__Data shown__.
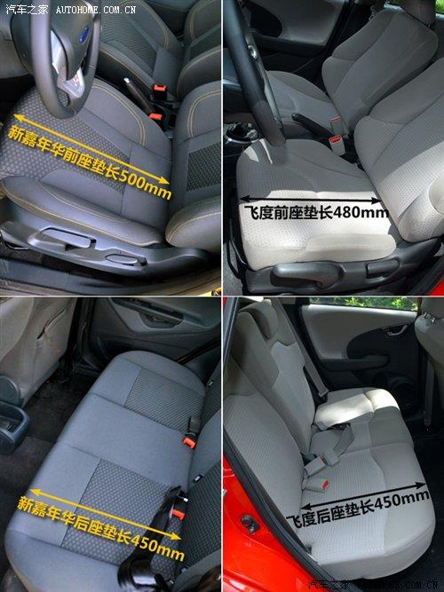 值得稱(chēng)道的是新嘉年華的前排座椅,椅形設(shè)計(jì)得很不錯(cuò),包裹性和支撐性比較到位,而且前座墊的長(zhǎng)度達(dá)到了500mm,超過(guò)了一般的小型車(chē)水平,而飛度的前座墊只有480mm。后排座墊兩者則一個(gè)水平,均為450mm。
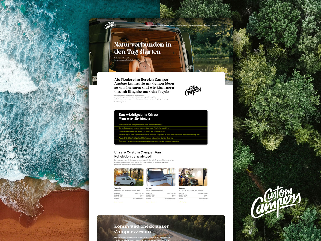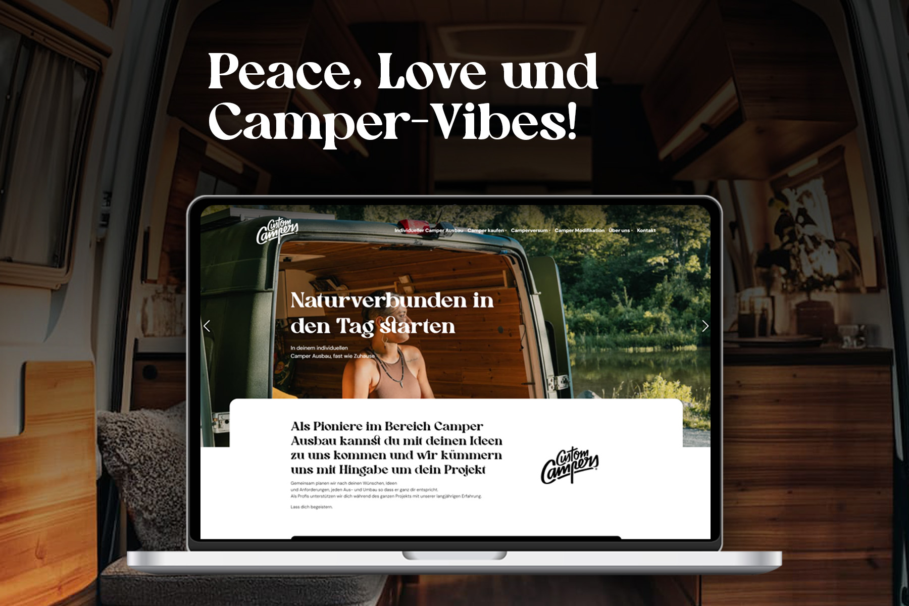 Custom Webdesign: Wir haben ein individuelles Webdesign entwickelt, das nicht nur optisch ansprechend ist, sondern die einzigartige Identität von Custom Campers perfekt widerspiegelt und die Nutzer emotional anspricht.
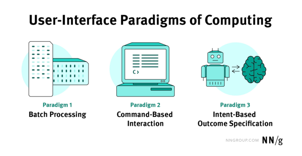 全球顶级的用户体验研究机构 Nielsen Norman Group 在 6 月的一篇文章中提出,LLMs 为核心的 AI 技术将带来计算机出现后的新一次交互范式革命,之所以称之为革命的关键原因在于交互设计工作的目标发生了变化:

__Instructions to follow__. Reproduce every line of the material above, but drop the pictures.

__Written answer__.
 值得稱(chēng)道的是新嘉年華的前排座椅,椅形設(shè)計(jì)得很不錯(cuò),包裹性和支撐性比較到位,而且前座墊的長(zhǎng)度達(dá)到了500mm,超過(guò)了一般的小型車(chē)水平,而飛度的前座墊只有480mm。后排座墊兩者則一個(gè)水平,均為450mm。
 Custom Webdesign: Wir haben ein individuelles Webdesign entwickelt, das nicht nur optisch ansprechend ist, sondern die einzigartige Identität von Custom Campers perfekt widerspiegelt und die Nutzer emotional anspricht.
 全球顶级的用户体验研究机构 Nielsen Norman Group 在 6 月的一篇文章中提出,LLMs 为核心的 AI 技术将带来计算机出现后的新一次交互范式革命,之所以称之为革命的关键原因在于交互设计工作的目标发生了变化:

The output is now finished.